BACKGROUND: Therapeutic plasma exchange (TPE) has been advocated as an adjunct to steroids and cytotoxic drugs in treating patients suffering from vasculitis and presenting with active disease, but we still have insufficient evidence on its effectiveness in improving the clinical response, especially in India. This study was planned to study the clinical outcome in severe vasculitic presentations treated with TPE as an adjunctive therapy.
MATERIALS AND METHODS: A retrospective analysis of TPE procedures performed from July 2013 to July 2017 in the department of transfusion medicine at a large tertiary care hospital was done. All consecutive patients admitted with new diagnosis of systemic vasculitis presenting with active disease and severe presentations such as advanced renal failure or severe respiratory abnormalities or life-threatening vasculitis affecting the gastrointestinal tract, neurological and musculoskeletal system; who needed TPE for removal of preformed antibodies, were included in the study.
RESULTS: There were a total of 31 patients in whom TPE was performed for severe systemic vasculitis; 26 adults and five pediatric. Six patients tested positive for perinuclear fluorescence, 13 for cytoplasmic fluorescence (cANCA), two for atypical antineutrophil cytoplasmic autoantibody, seven for anti-glomerular basement membrane antibodies, two for antinuclear antibodies (ANA), and one patient tested positive for ANA as well as cANCA before the augmentation of TPE. Out of 31, seven patients showed no clinical improvement and succumbed to the disease. At the end of desired number of procedures, 19 tested negative and five tested weak positive for their respective antibodies.
CONCLUSION: Favorable clinical outcomes were observed with TPE in patients with antibody-positive systemic vasculitis.
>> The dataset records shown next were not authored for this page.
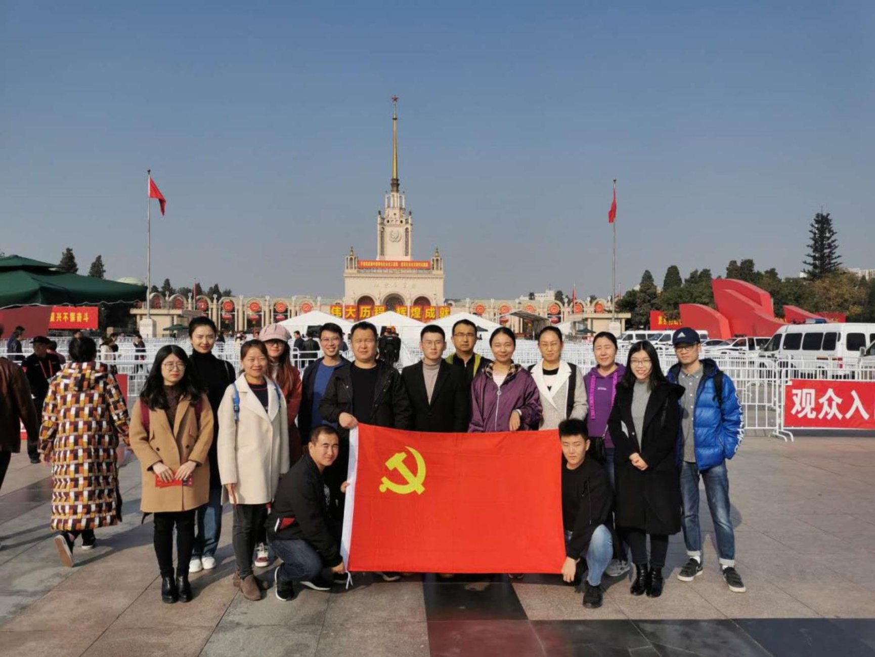在参观活动结束后,同学们聚集在北京展览馆广场“庆祝中华人民共和国成立70周年大型成就展”巨幅展板前同党旗合影留念,同学们也纷纷分享了自己的感受和对祖国的祝愿。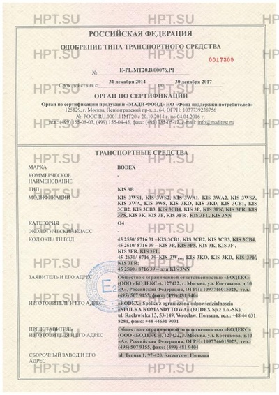 | Предприятие-изготовитель | «BODEX» Spolka z ograniczona odpowiedzialnoscia «SPOLKA KOMANDYTOWA» (BODEX Sp.z o.o.-SK), ul. Raclawicka 13, 53-149, Wroclaw, Польша, тел.: +48 44 631 8281, факс: +48 44631 9031 |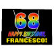 Este design de presente de aniversário colorido, divertido e alegre apresenta um grande número de "68" e a mensagem "FELIZ ANIVERSÁRIO", ambos coloridos com um padrão inspirado no gradiente do espectro do arco-íris, juntamente com um nome de destinatário ousado amarelo editável. O fundo é preto colorido. Uma bolsa de presente divertida como esta pode ser usada ao embrulhar presentes que são dados a alguém em comemoração do seu 68º aniversário. [~Z0000477]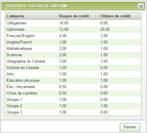 - Cliquez sur Totaux de crédits pour faire apparaître une fenêtre contextuelle, Crédits requis et obtenus par domaine d'exigence, pour le diplôme affecté à l'élève. Les valeurs obligatoires et optionnels sont les seules rangées non variables.

Keywords: Anti-glomerular basement membrane, antineutrophil cytoplasmic autoantibody, antinuclear antibodies, diffuse alveolar hemorrhage, glomerulonephritis, therapeutic plasma exchange, vasculitis

How to cite this article:
Tiwari AK, Setya D, Tanna D, Arora D, Aggarwal G, Gupta R, Bansal SB, Sethi SK. Patient outcome in antibody-positive systemic vasculitis treated with therapeutic plasma exchange. Asian J Transfus Sci 2023;17:79-84

How to cite this URL:
Tiwari AK, Setya D, Tanna D, Arora D, Aggarwal G, Gupta R, Bansal SB, Sethi SK. Patient outcome in antibody-positive systemic vasculitis treated with therapeutic plasma exchange. Asian J Transfus Sci [serial online] 2023 [cited 2023 Mar 27];17:79-84. Available from: https://www.ajts.org/text.asp?2023/17/1/79/370935





   Introduction Top


Vasculitis is defined by the presence of inflammatory leukocytes in vessel walls with reactive damage to mural structures leading to tissue ischemia. Therapeutic plasma exchange (TPE) has long been advocated as a potentially useful adjunct to combination therapy of steroids and immunosuppressants in treating patients suffering from primary as well as secondary vasculitis; especially those presenting with advanced disease, but we still have insufficient evidence on its effectiveness in improving the clinical response.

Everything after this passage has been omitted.